シェルドン・グラショー[1] アブドゥス・サラム[2]およびスティーブン・ワインバーグ[3]は、ワインバーグ・サラム理論として知られる素粒子間の弱い相互作用と電磁相互作用の統一への貢献により、 1979年のノーベル物理学賞を受賞した。[4] [5]電弱相互作用の存在は2段階で実験的に確立された。最初は1973年にガルガメル共同研究によりニュートリノ散乱で中性カレントが発見され、2番目は1983年にUA1およびUA2共同研究により、改造されたスーパープロトンシンクロトロンでの陽子-反陽子衝突でWおよびZゲージボソンが発見された。1999年、ジェラルドゥス・トホーフトマルチヌス・フェルトマンは電弱理論がくりこみ可能であることを示したことでノーベル賞を受賞した。

歴史

1956年のウーの実験で弱い相互作用におけるパリティの破れが発見された後、弱い相互作用電磁相互作用を関連付ける方法の探求が始まりました博士課程の指導教官であったジュリアン・シュウィンガーの研究を発展させ、シェルドン・グラショーはまずカイラル対称性とアキラル対称性の2つの異なる対称性を導入し、それらを全体として対称性が破れないように組み合わせる実験を行いました。この実験では繰り込み可能な理論は得られず、自発的なメカニズムが知られていなかったため、ゲージ対称性は手動で破る必要がありましたが、 Zボソンという新しい粒子の存在を予言しました。
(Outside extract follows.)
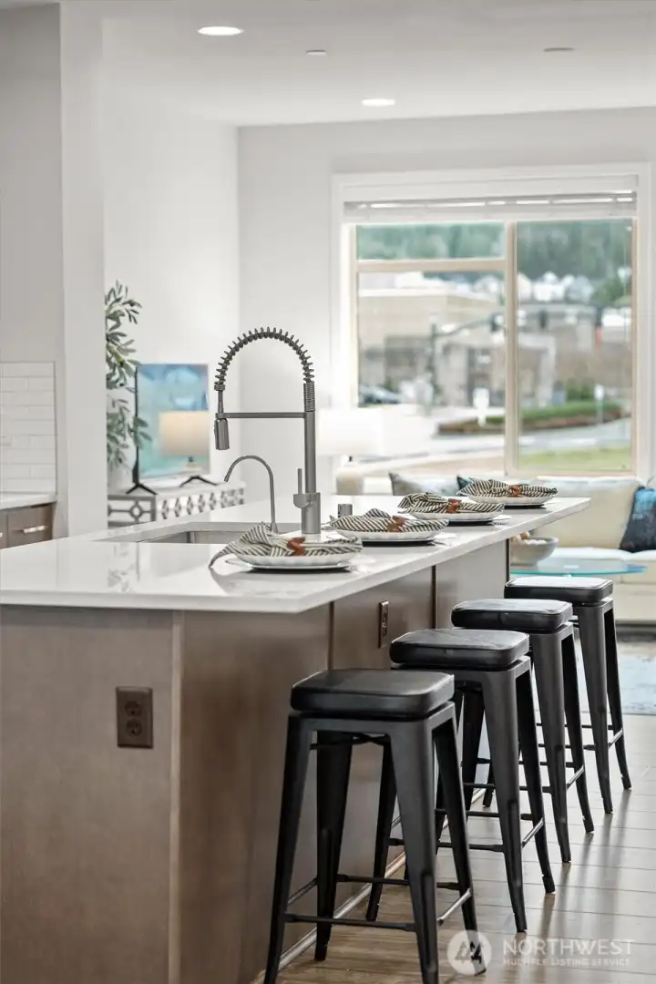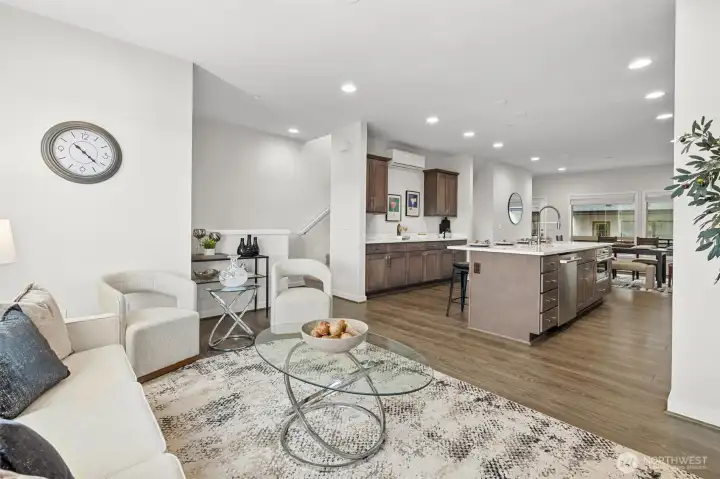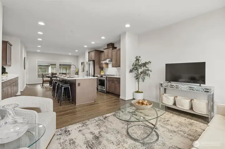 In Issaquah Highlands, life feels connected in the best way. With quick access to I-90 & everyday conveniences, getting where you need to go feels simple. Coffee, dining, parks, schools & trails are all nearby. This home reflects that lifestyle with spaces that feel intentional, bright & designed for how people truly live day to day. The main level is a true great room concept, with defined living & dining areas that support both entertaining & everyday moments. The kitchen anchors the space, creating a natural gathering point, while extended hardwood floors keep the look clean & modern. A covered main-level deck extends living outdoors, ideal for morning coffee, casual meals, or winding down in the evening. The lower level offers flexible space that works well as an office or 4th bedroom with its own 3/4 bath, providing separation & versatility without feeling disconnected from the rest of the home. The third level is dedicated to rest & retreat, featuring a true primary suite with a spa-like bath, plus two additional guest bedrooms & a full guest bath, offering comfort and privacy. The top level is where this home truly stands out. A large bonus room with its own bathroom opens directly to the rooftop deck, creating an elevated space for entertaining, relaxing or simply enjoying the setting. Air conditioning; Issaquah Highlands fiber network; East-facing; Practical parking with a 2 car garage & driveway. Location, layout & lifestyle that simply work. Wow!

しかし、これは実験的発見と一致しなかったため、ほとんど注目されませんでした。

1964年、サラムジョン・クライブ・ワード[6]は同じアイデアを思いついたが、質量のない光子と手動で破れた対称性を持つ3つの質量のあるゲージボソンを予測した。その後、1967年頃、自発的な対称性の破れを調査しているときに、ワインバーグは質量のない中性ゲージボソンを予測する一連の対称性を発見した。当初、彼はそのような粒子は役に立たないとして拒否したが、後に彼は自分の対称性が電弱力を生み出すことに気づき、WボソンとZボソンのおおよその質量を予測した。重要なのは、彼がこの新しい理論はくりこみ可能であると示唆したことだ。[3] 1971年、ジェラルド・トホーフトは、自発的に破れたゲージ対称性は質量のあるゲージボソンでもくりこみ可能であることを証明した。

処方

ワインベルグの弱混合角θWと結合定数g、g′e関係。Lee (1981)より引用。[7]
既知の素粒子の弱アイソスピンT 3ハイパーチャージY Wパターン。弱混合角に沿った電荷Qを示している。中性ヒッグス場(円で囲まれた部分)は電弱対称性を破り、他の粒子と相互作用して質量を与える。ヒッグス場の3つの成分は、質量を持つWボソンとZボソンの一部となる

数学的には、電磁気学はSU(2) × U(1)ゲージ群を持つヤン・ミルズ場として弱い相互作用と統一され、これは系のダイナミクスを変えることなく電弱ゲージ場に適用できる形式的な操作を記述する。これらの場は、弱アイソスピン場W 1W 2W 3、および弱ハイパーチャージ場Bである。この不変性は電弱対称性として知られている。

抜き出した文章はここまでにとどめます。